Не верил папа, не верили мои любимые писатели; конечно, без Бога мир необъясним, но Бог тоже мало что объясняет, во всяком случае, все равно ничего не понятно. Я легко освоилась с этим новым состоянием. Тем не менее, вернувшись в Париж, я впала в панику. Нельзя запретить себе думать то, что думаешь, но папа когда-то говорил, что пораженцев надо расстреливать, а в прошлом году одну нашу старшеклассницу выгнали из коллежа за то, что, как шепотом говорили, она утратила веру. Мне надо было тщательно скрывать свою ущербность, я просыпалась по ночам в холодном поту при мысли, что Андре может что-то заподозрить.
К счастью, мы никогда не говорили с ней ни о сексе, ни о религии. Нас занимала масса других проблем. Мы изучали Великую французскую революцию, восхищались Камилом Демуленом, мадам Ролан[6] и даже Дантоном. Мы бесконечно обсуждали, что есть справедливость, равенство, частная собственность. Мнение наших монашек в этих вопросах в расчет не принималось, а устаревшие взгляды родителей нас уже не устраивали. Мой отец охотно читал «Аксьон франсез»[7]. Месье Галлар был ближе к демократам, в юности увлекался Марком Санье[8], но юность осталась далеко, и он объяснял Андре, что любой социализм неизбежно ведет к уравниловке и уничтожению духовных ценностей. Нас это не убеждало, но кое-какие его доводы вселяли тревогу.
Мы пытались расспрашивать подруг Малу, взрослых девушек, которые должны были бы знать больше, чем мы, но они думали так же, как месье Галлар, и вообще эти вещи мало их интересовали. Они предпочитали говорить о музыке, о живописи, о литературе, и к тому же неумно. Малу иногда просила нас, когда принимала гостей, подавать им чай, но она чувствовала, что мы невысокого мнения о ее подругах, и пыталась в отместку поставить Андре на место. Однажды Изабель Баррьер, влюбленная — очень романтически — в своего учителя фортепьяно, женатого человека, отца троих детей, завела разговор о любовных романах. Малу, кузина Гита, сестры Гослен по очереди рассказывали, какие книги о любви им нравятся.

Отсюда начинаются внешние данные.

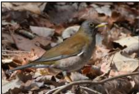
シロハラ (ツグミ科) 暖かくなってきましたが、三木山ではまだ見かけます。

— А тебе, Андре? — спросила Изабель.
— Мне скучно читать про любовь, — ответила Андре сдержанно.
— Да что ты! — оживилась Малу. — Всем известно, что ты наизусть знаешь «Тристана и Изольду».
Малу объявила, что роман ей не нравится, зато он нравился Изабель, и та мечтательно сообщила, что ее чрезвычайно взволновала эта история платонической любви.
Андре расхохоталась:
— Любовь Тристана и Изольды платоническая? Нет, ничего платонического в ней нет.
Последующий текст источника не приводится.